Most founders discover that the gap between their current organic growth rate and what’s possible with the right resources is significant. That gap is value waiting to be unlocked.
Take Stock of Your Tech Stack
Technology today isn’t just an operational question; it’s a client experience question. Clients expect their wealth managers to offer a modern, seamless, digitally native experience. The rapid evolution and adoption of AI and the ongoing “great wealth transfer” to a more tech-savvy generation should compel every RIA leader to ask whether their clients are truly receiving the best possible digital experience available. Ask yourself:
- How much of your team’s time is spent on manual processes that technology should be handling?
- How have you incorporated AI into your systems and workflows?
- What does your cybersecurity posture look like?
- Are your current systems set to serve you appropriately in the next phase of growth?
- Does your client portal and reporting provide a contemporary client experience?
The cost of outdated technology shows up in client experience long before it shows up in deal valuation. Founders who recognize this aren’t just better prepared for a transaction, they’re motivated to solve it, with or without a partner.
Think About Your People
The RIAs that endure for generations are the ones whose people believe the best chapter is still ahead.
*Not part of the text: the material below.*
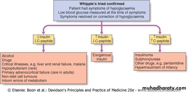 Note: Hypoglycaemia + high insulin + high C-peptide concentrations = insulinoma or sulphonylurea ingestion

Finding a partner and a successor isn’t about replacing you; it’s about ensuring the people on your team are informed and energized about where the firm is going. Ask yourself:
- Are your next generation advisors positioned to stay and grow with the business?
- Has a succession plan been developed and communicated to firm leaders? Have you provided the training and autonomy to enable them to lead?
- Does your team have a voice in the firm’s future direction, including what you do and don’t want in a potential partner?
The best partnerships happen when RIA founders negotiate from a position of strength, not necessity. When you know what you’ve built, what you love about it, and what you never want to change, you’re in the right mindset to find an ideal partner. One that won’t ask you to give up your brand, your culture, and your legacy.